Once someone can prove this impacts Windows workloads beyond GCC as well, things will really hit the fan.

Highlighted
Adept I
Adept I

Re: gcc segmentation faults on Ryzen / Linux

bradc wrote:

You've obviously never had to provide (or deal with advanced) technical support before. I've lost count of the number of times I've had to deal with "experts" who jump to conclusions on what the fault is and are (probably in the majority) wrong. I'm not saying you are wrong, I'm just saying there is a process in place for a reason.

You *have* to follow the process. I followed the process. I sent pictures, took measurements, waited while they shipped me stuff to try, tried the stuff they shipped me and then finally got an RMA approval. It took weeks. You have to follow the process. There is no way to shortcut the process because frankly to the tech support guys you may be just another nut-job who read about an issue on the internet and asked for a new processor.
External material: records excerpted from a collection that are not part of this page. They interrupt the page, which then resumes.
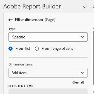 So Filters are limited to "Most Popular" (i.e. the top X items by metric), or a specific list of items (that you can curate here in the settings, or pull from a range of cells)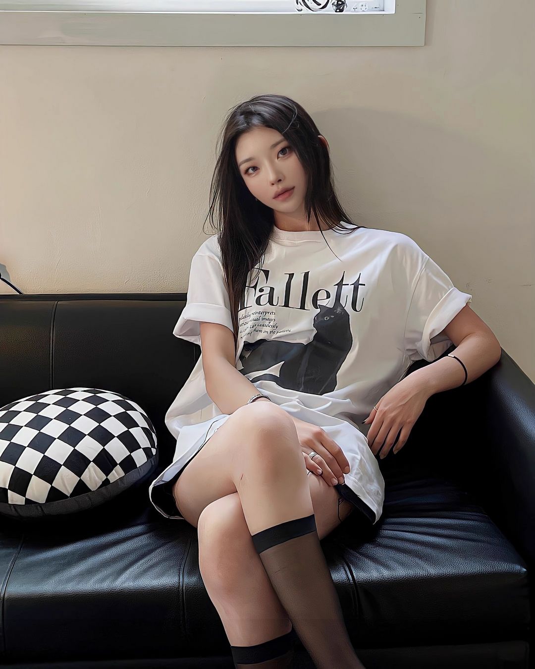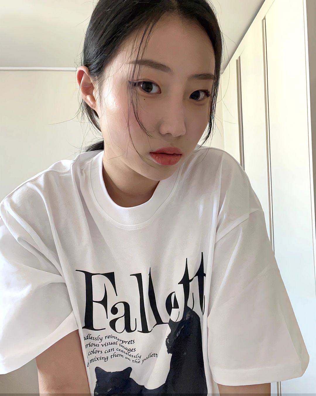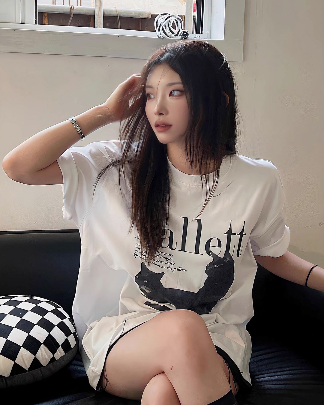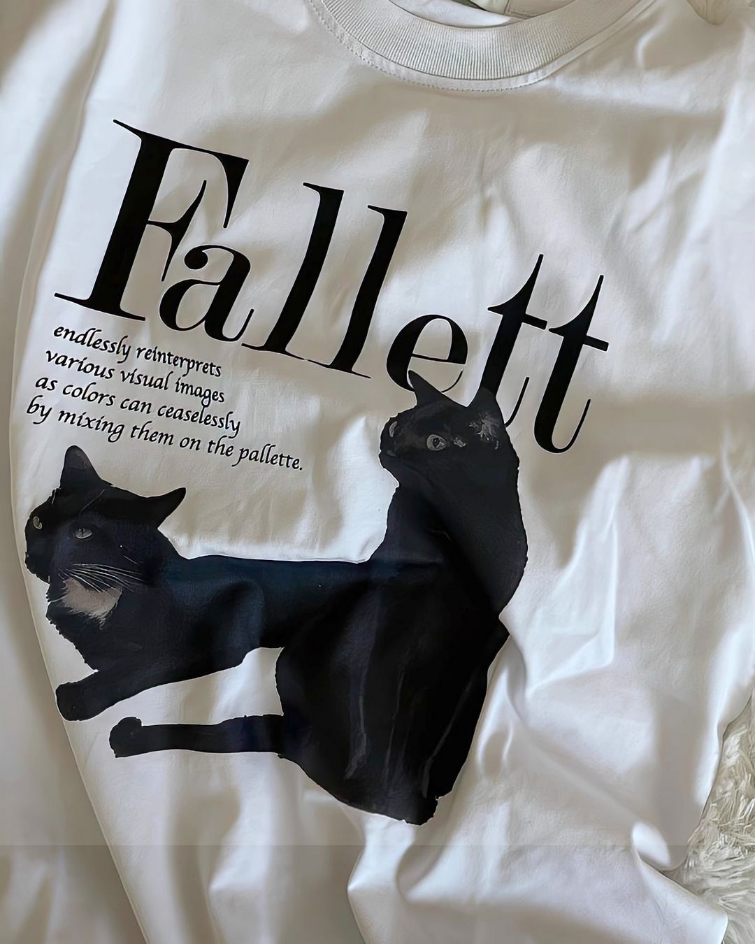 酷黑貓慵懶寬鬆印花短袖T恤(預購)pn003062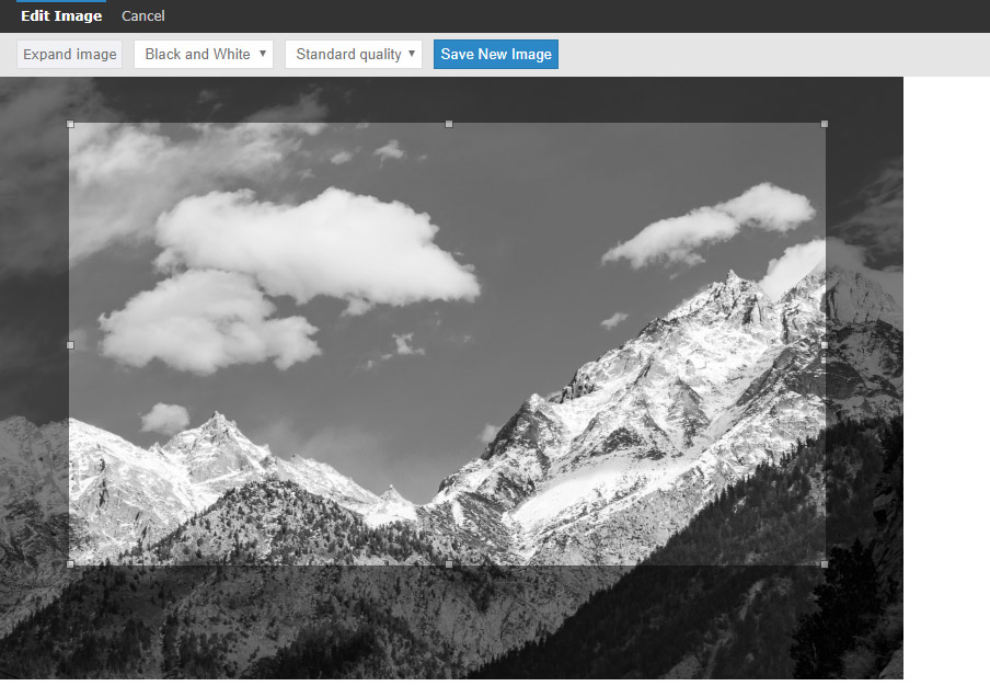 If you have chosen to resize or crop the image as well, you will need to click and drag the area you want to be cropped to, which you can then modify by clicking the drag handles on the corners: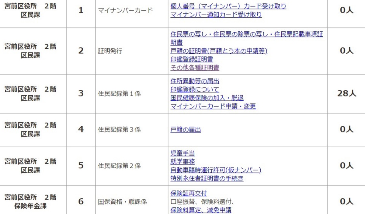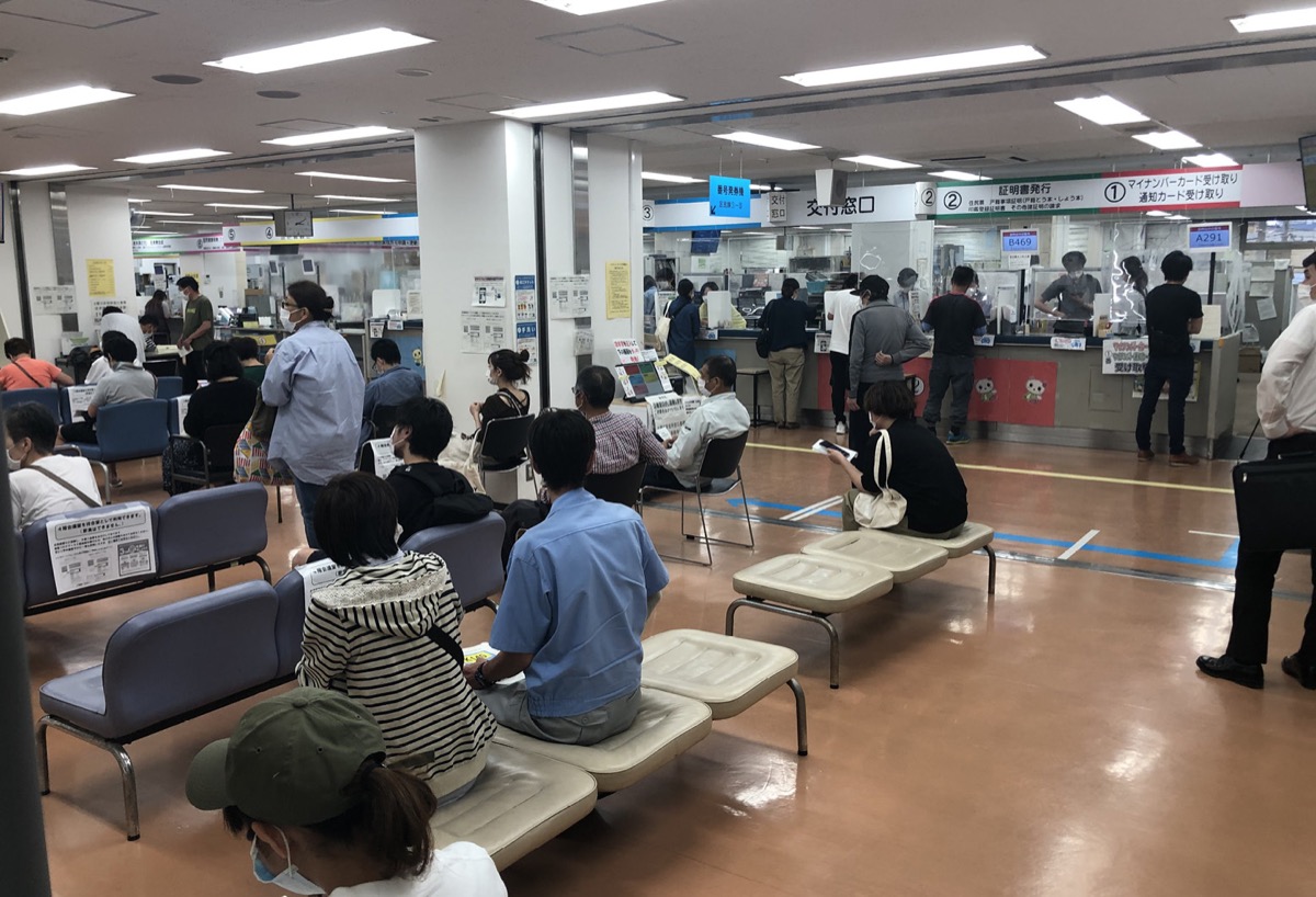 マイナンバーカードの申請や変更手続きに対応する宮前区役所区民課は申請開始から混雑が続いている。同課担当者は「8時30分の開庁から30から40人ほど並んでいる。普段はこんなことはない」と話す。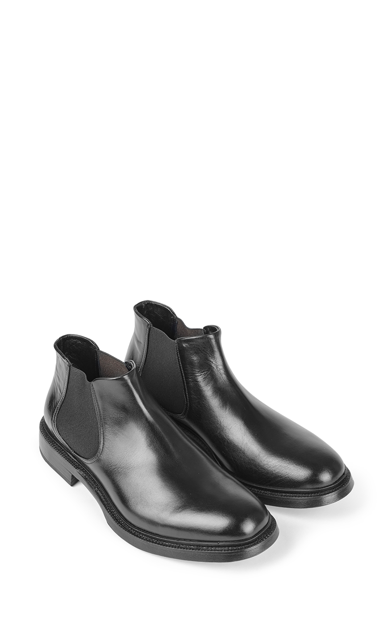 Timeless Chelsea boot in black smooth leather - a must-have in any wardrobe. The classic silhouette with elastic side panels and a round toe gives an elegant and versatile look that is perfect for both formal and casual outfits. A pair of shoes you can always count on.

I get it. However, a company can take different routes to deal with issues like this. The AMD process is designed for customers whose time is cheap. They are making you spend hours. In my case they want me to keep running tests over and over again, increasing voltage by increments of 0.05v from the stock all the way to 1.4v. With a time-to-fail about 10 minutes on average, plus 10 minutes to re-set everything between the runs, that's like a full weekend of work. They think it's reasonable to ask someone to spend a weekend troubleshooting their $320 CPU to get a replacement part?

WTF. This does not make any economic sense unless you're a teenager. You will have a much easier time replacing a $320 pair of shoes with Zappos.

Highlighted
Adept III
Adept III

Re: gcc segmentation faults on Ryzen / Linux

I don't know what people are saying when they are writing in to AMD Support, but I didn't have any follow up questions for my ticket. All I did was do my testing in advance, made sure to cover all the troubleshooting points AMD would likely ask me, and made it clear that the issue I was having was due to CPU "marginality" which cannot be serviced by the user.

Got my reply back of them roughly saying "Sorry about your problems... We don't believe further troubleshooting can resolve the issue... Next step is to RMA... Yes, we agree your troubleshooting is thorough so we don't want to waste time and money on future RMAs, so please confirm your system setup so we can test the chip on our end to make sure it is defect free...".

Got replacement in like 3~4 days and the chip was segfault free. The only difference I can think of that would have effected my turn around time would be "when" I submitted my ticket. I knew submitting it early wouldn't expedite it because other users were already doing multiple RMAs to help AMD characterize the issue. But once it was confirmed they were able to reproduce the problem and have a reliable way to test for it, I jumped on submitting a ticket early to avoid the mad rush. As a result, turn around time for communication was only like 2~3 days per each reply. I can imagine now with a large stampede of people writing in (some with no reason other than the fact that they heard this issue exists), that times are significantly longer.

Highlighted
Adept II
Adept II

Re: gcc segmentation faults on Ryzen / Linux

Today I got my RMA CPU (Ryzen 7 1700X). It's labeled 1728SUS (the broken one is 1707SUT).

The package I got seemed to be sealed - maybe it was opened on the bottom - I can't say this for sure. There where no additional markers.

Currently I'm running my compile tests (rpmbuild --rebuild of the leap kernel). Each compile takes around 10:40 minutes (including building of rpm packages). It's about the same performance as I saw with the old one.

Meanwhile it has been running fine about 12 times w/o any problem. Before, I usually saw the first segfault after about 1 or 2 minutes. Mmore than one complete kernel never worked before. Tests have been done so far running Linux 4.9.46 and 4.12.10 / gcc 4.8.5 w/ enabled opCache and (k)aslr.

As others already told, the CPU voltage (VDDCR in bios) of the new CPU is significantly lower (1.275 V or less) compared to 1.438 V. During high load (compiling) the voltage seldom is higher than 1.24 V (it's been a spike) - most of the time it is around 1.08 V.

Board: Asus Prime X370 Pro / Bios: 0810 08/01/2017 / Using default settings besides enabled IOMMU and SVM.